Claude Agent SDK with Persistent Memory

Run this notebook

This recipe is available as an interactive Jupyter notebook. Open in GitHub →

Build a Claude agent that remembers across sessions using Hindsight memory tools and automatic hooks.

Features

In-process MCP server with retain, recall, and reflect tools
Automatic memory hooks that inject context before each prompt
Auto-retain agent results for future sessions
Knowledge that compounds over repeated runs

Prerequisites

Claude Code CLI installed and authenticated (npm install -g @anthropic-ai/claude-code && claude auth login, or set ANTHROPIC_API_KEY)
An LLM API key for Hindsight (OpenAI, Gemini, etc.)
Hindsight running locally via Docker (see setup below)
Alternatively, a Hindsight Cloud account (no Docker needed)

note

The Claude Agent SDK runs the Claude Code CLI as a subprocess. You need the CLI installed and authenticated — either via claude auth login or by setting ANTHROPIC_API_KEY in your environment.

Start Hindsight Locally

Before running this notebook, start Hindsight in a terminal:

export LLM_API_KEY="your-llm-api-key"

docker run --rm -it --pull always -p 8888:8888 -p 9999:9999 \
  -e HINDSIGHT_API_LLM_API_KEY=$LLM_API_KEY \
  -e HINDSIGHT_API_LLM_MODEL=gpt-4o-mini \
  -v $HOME/.hindsight-docker:/home/hindsight/.pg0 \
  ghcr.io/vectorize-io/hindsight:latest

1. Install Dependencies

!pip install -q hindsight-claude-agent-sdk nest-asyncio

2. Configure Environment

import nest_asyncio
nest_asyncio.apply()

import os
import getpass

# Anthropic API key (used by Claude Agent SDK)
if not os.getenv("ANTHROPIC_API_KEY"):
    os.environ["ANTHROPIC_API_KEY"] = getpass.getpass("Enter your Anthropic API key: ")

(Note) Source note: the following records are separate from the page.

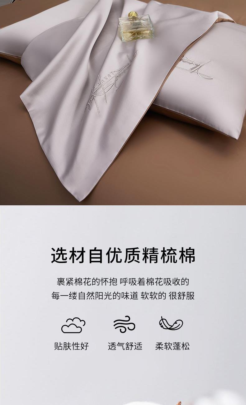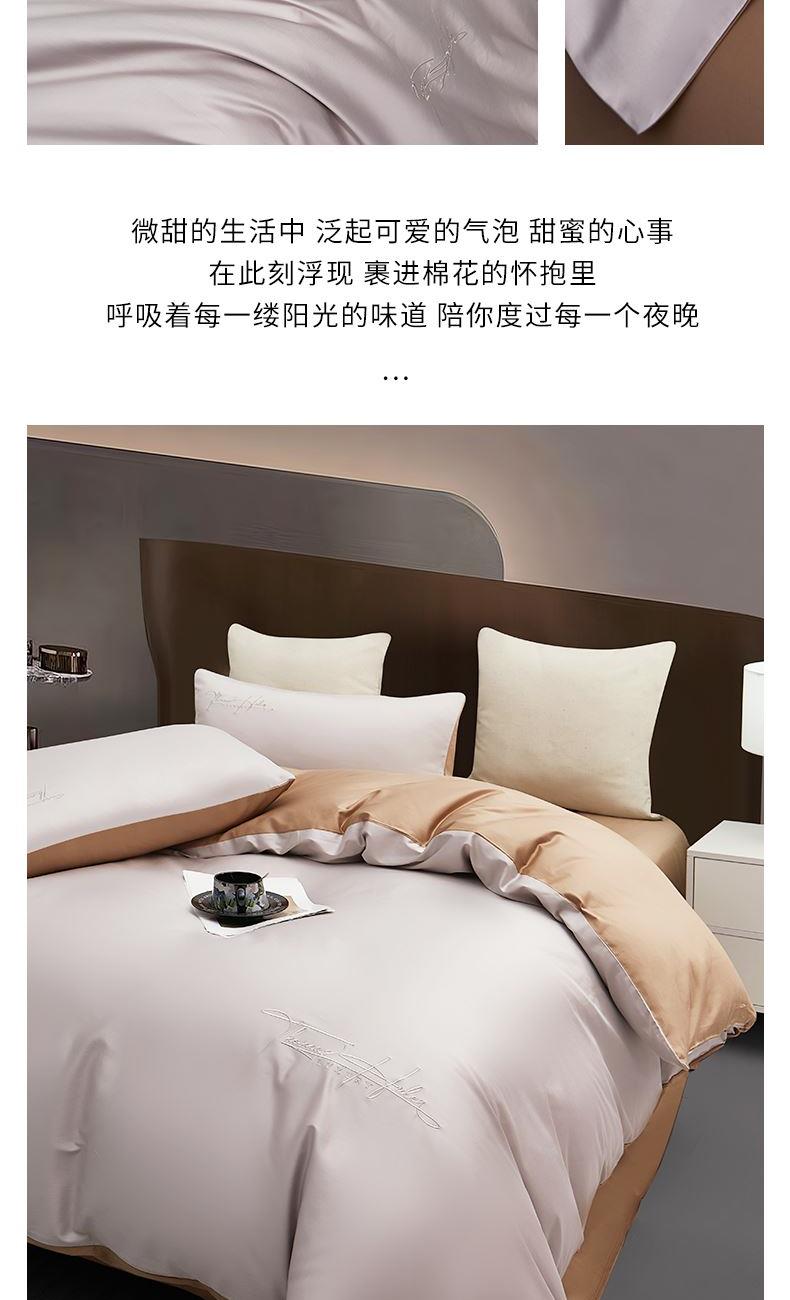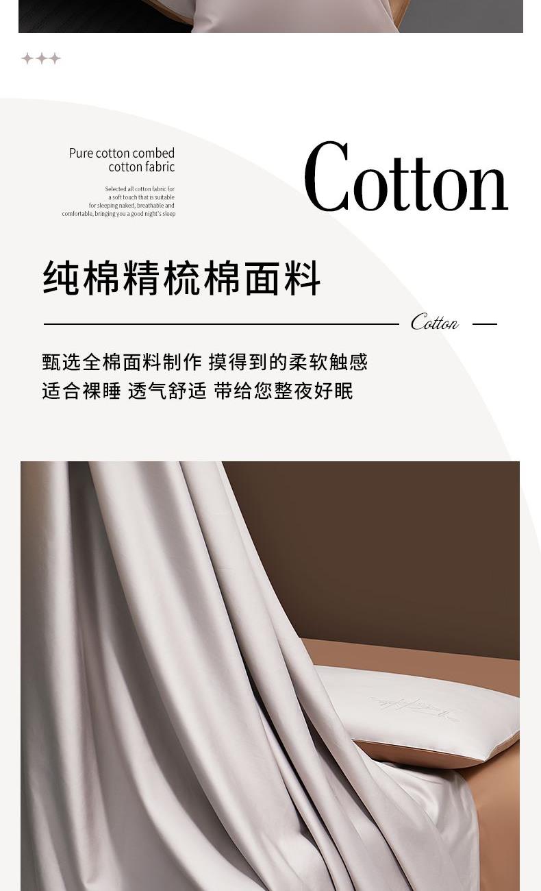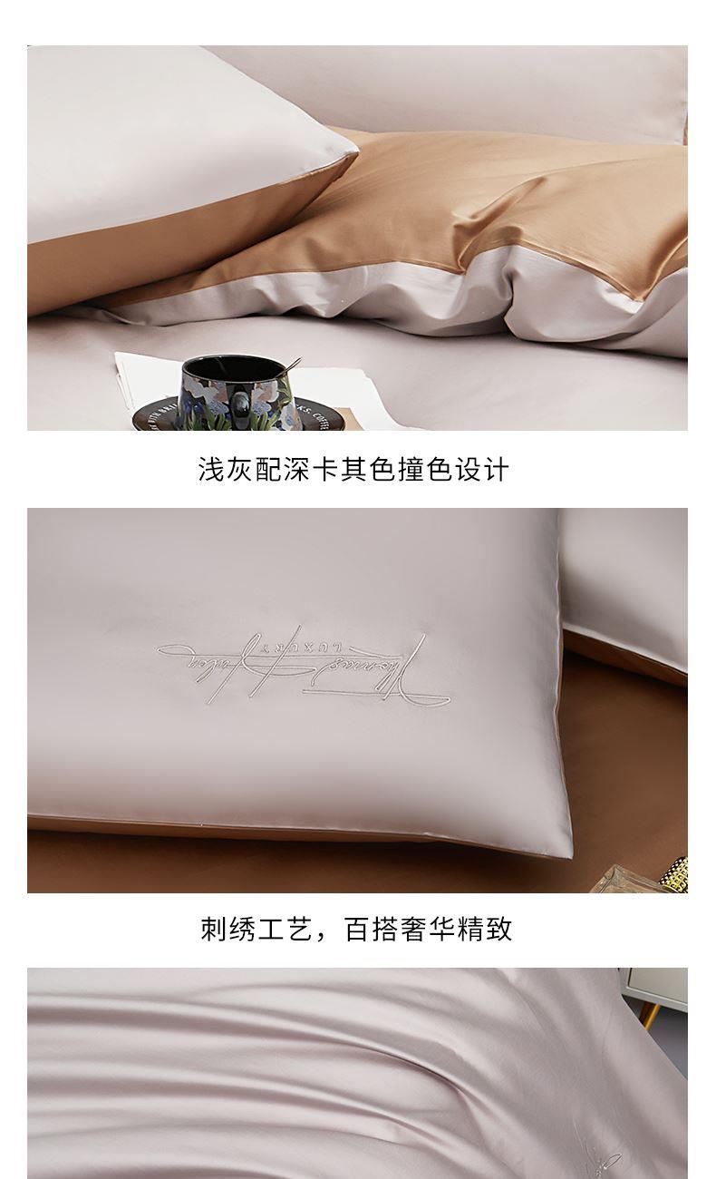产品型号:S02025004 被 套:200*230cm 床 单:240*250cm 枕 套:48*74cm*2 面 料:棉 装 箱 数:7 纯棉精梳棉面料,G-SOFT印染工艺,面料光泽度好、柔软、顺滑; AB版撞色设计,浅灰配深卡其色,刺绣工艺,百搭奢华精致; 天地盖礼盒包装,自用送礼两相宜。
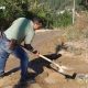 Personal encargado continúa trabajando en la excavación del terreno con el objetivo de dar mayor firmeza y seguridad a la base para la construcción del muro...
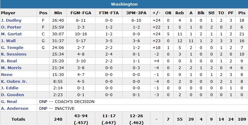 Devant de 3 points 54-51, les Wizards démarrent leur 3e quart-temps sur un 14-0 avec un Dudley à 3-points, puis à la passe pour le layup de Gortat et encore derrière la ligne. Quelques minutes plus tard, il rate ue nouvelle tentative au grand dam du public mais Otto Porter prend le rebond et sert Wall, qui met lui dedans derrière la ligne, 68-81.
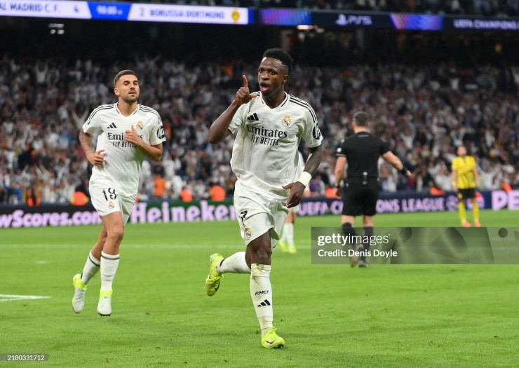 Bước vào hiệp 2, Real Madrid chơi bùng nổ và tạo nên những khoảnh khắc không tưởng. Phút 60, Mbappe tạt bóng chuẩn xác để Rudiger đánh đầu tung lưới Dortmund, rút ngắn cách biệt xuống 1-2. Và chỉ 2 phút sau, Vinicius chớp thời cơ ghi bàn gỡ hòa 2-2.

# Hindsight connection (defaults to local self-hosted instance)
# For Hindsight Cloud, set HINDSIGHT_API_URL and HINDSIGHT_API_KEY env vars
HINDSIGHT_API_URL = os.getenv("HINDSIGHT_API_URL", "http://localhost:8888")
HINDSIGHT_API_KEY = os.getenv("HINDSIGHT_API_KEY", None)  # optional, for Hindsight Cloud
BANK_ID = "claude-agent-demo"

print(f"Hindsight API: {HINDSIGHT_API_URL}")
print(f"Using API key: {'yes' if HINDSIGHT_API_KEY else 'no (self-hosted)'}")
print(f"Bank ID: {BANK_ID}")

3. Create a Memory Bank

from hindsight_client import Hindsight

hindsight = Hindsight(base_url=HINDSIGHT_API_URL, api_key=HINDSIGHT_API_KEY)

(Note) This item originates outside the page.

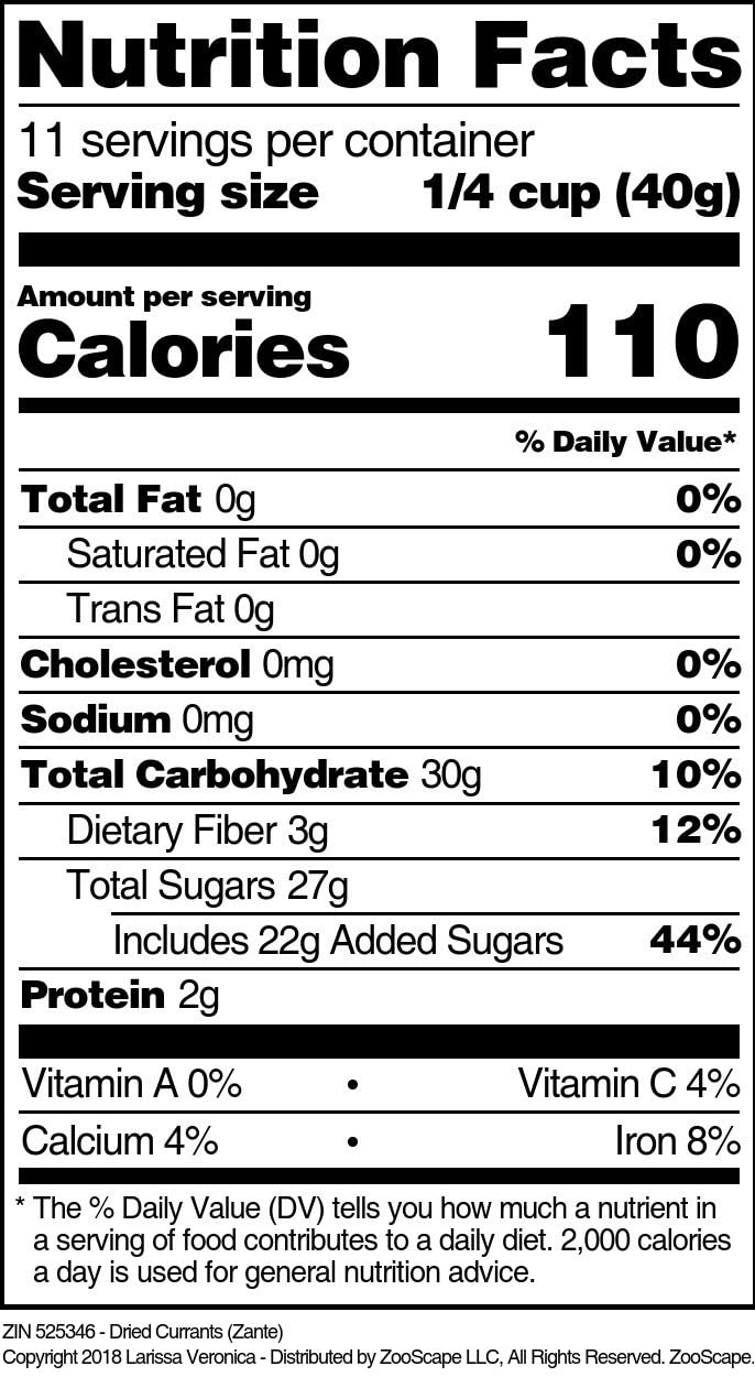 Our Dried Currants are all-natural California Zante Currants, also known as Corinth Raisins and Corinthian Raisins. Zante Currants are dried black Corinthian grapes, a variety of seedless grape berries cultivated as the Black Corinth. Dried Currants are full of flavor with a tangy, sweet taste. They are wonderful in jams, cakes, and many other ways. - Larissa Veronica is an exclusive line of natural premium-quality products that use only the purest and finest ingredients from around the world. Larissa Veronica is hallmarked by the highest possible standards of purity, stability and freshness. All of our products are prepared with the highest elements of quality control, from raw materials through the entire manufacturing process, up to and including the moment that the bottles or bags are sealed for freshness and shipped out to you. Our highest possible standards are certified by independent laboratories and backed by our personal guarantee. - Larissa Veronica strives to make all products affordable and we are constantly researching the market to maintain our affordability and to look for new ways to serve you and the ones you love. Larissa Veronica has become a trusted household name for many families. - Larissa Veronica is packed in tamper-proof, food-grade, recyclable containers. - ZooScape is proud to be the exclusive distributor of all Larissa Veronica spices, snacks, foods and ingredients in the United States, Canada and around the world. - Store Dry at 35-45 F. Vegan. Kosher for Passover. Product of South Africa.

# Create a dedicated bank for this demo (safe to re-run)
try:
    hindsight.create_bank(
        bank_id=BANK_ID,
        name="Claude Agent Demo",
        mission="Remember user preferences, decisions, and project context for a software development assistant.",
    )
    print(f"Bank '{BANK_ID}' created.")
except Exception:
    print(f"Bank '{BANK_ID}' already exists, continuing.")

4. Set Up Memory Tools

Create an in-process MCP server with retain, recall, and reflect tools:

from hindsight_claude_agent_sdk import create_hindsight_server

server = create_hindsight_server(
    bank_id=BANK_ID,
    hindsight_api_url=HINDSIGHT_API_URL,
    api_key=HINDSIGHT_API_KEY,
    tags=["source:claude-agent-sdk-demo"],
)

print("Hindsight MCP server created with tools: hindsight_retain, hindsight_recall, hindsight_reflect")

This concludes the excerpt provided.